# Tested yesterday -- weird questions



## WuLabsWuTecH (Jul 2, 2008)

Hey all,

I'm wondering if any of you guys while taking the NREMTs got really difficult questions for seemingly all of them.  When I took practice tests given by our instructors I kept making lower to mid 90%s but yesterday at the computer I felt i would have trouble making 50%!  I ended up passing but there was just wondering whether or not I got some particularly hard questions?

Two I remember were both about medications.  the first I could resonably be expected to know, the second I didn't.

1.)  A patient complains of having chest pains and has vitals of _____ .  He states that he has been diagnosed with hypertension.  Which of the following medications would you expect him to be on for controlling his hypertension?

(Lists names of 4 medications 1 of which I had not heard of.  I know that acetaminophen was not correct since that's tylonol.)
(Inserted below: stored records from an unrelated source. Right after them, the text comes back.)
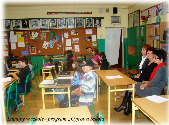
Laptopy w szkole – program „Cyfrowa Szkoła”

W ramach programu „Cyfrowa Szkoła” gmina otrzymała dotację w kwocie 180 tys. zł na zakup 52 laptopów i sprzętu multimedialnego do Szkoły Podstawowej Nr 2 i 3 w Rakszawie. Sprzęt o wartości 225 tys. zł wykorzystywany jest w ramach zajęć szkolnych, a także w czasie wolnym od zajęć dydaktycznych.
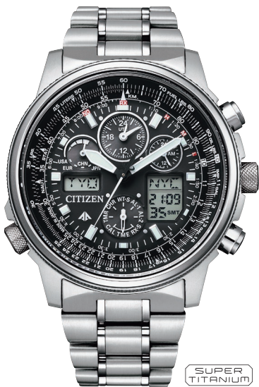
PMV65-2271 ¥110,000 (税抜価格¥100,000)

Cal. U680 ケース:スーパーチタニウム デュラテクトMRK+DLC(ブラック色) 厚み:13.9mm/横幅:43.7mm ガラス:サファイアガラス(無反射コーティング) 防水性能:20気圧防水 耐ニッケル/耐磁1種/夜光/航空計算尺 フィットアジャスター
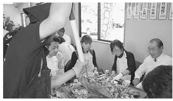
▲町内で3軒目の殻付かきが味わえる店「焼がきハウス」がオープン（松島さかな市場敷地内）
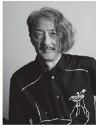
審査員 井上 鑑 作編曲家・キーボード奏者

東京都生まれ。ジャズ・ポップスの評論活動を始め、ラジオのDJとして「全米TOP40」を16年間勤め、エルヴィス・プレスリーやビートルズを日本に紹介するなど、独自の視点で国内外の音楽シーンを紹介し現在に至る。60年代「勝ち抜きエレキ合戦」の審査員をするなど、審査員歴は長い。 (公財)せたがや文化財団理事。
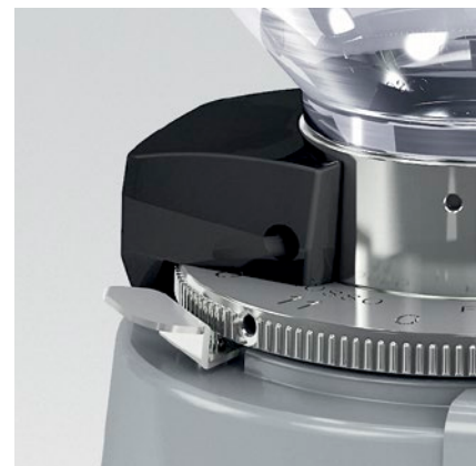
blocco ghiera - blocco campana ring nut lock - coffee bean hopper lock
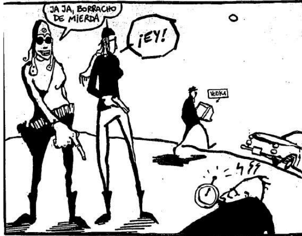
(Viñeta en 2005: 23)

podríamos afirmar que al menos este cuadrito no responde a lo que conocemos como realista: los trazos no responden ni a la ubicación geográfica ni a una representación "real" de los personajes. En la viñeta siguiente, el dibujo de los cuerpos responde a las dimensiones de cercanía y lejanía, de una mirada que se mantiene por encima del escenario de los acontecimientos pero en los alrededores, atenta.

2.)  Once again asks me to identify hypertension medications (don't remember the exact context but there was no chest pain this time)  except this time, the answers are chemical names lik e 1,6-buty something  and 6-tri-something else.  I was thinking, "You gotta be kidding right!  This is suppossed to be an adaptive test, so when I miss a question of some difficulty, you give me a question that is impossible?!"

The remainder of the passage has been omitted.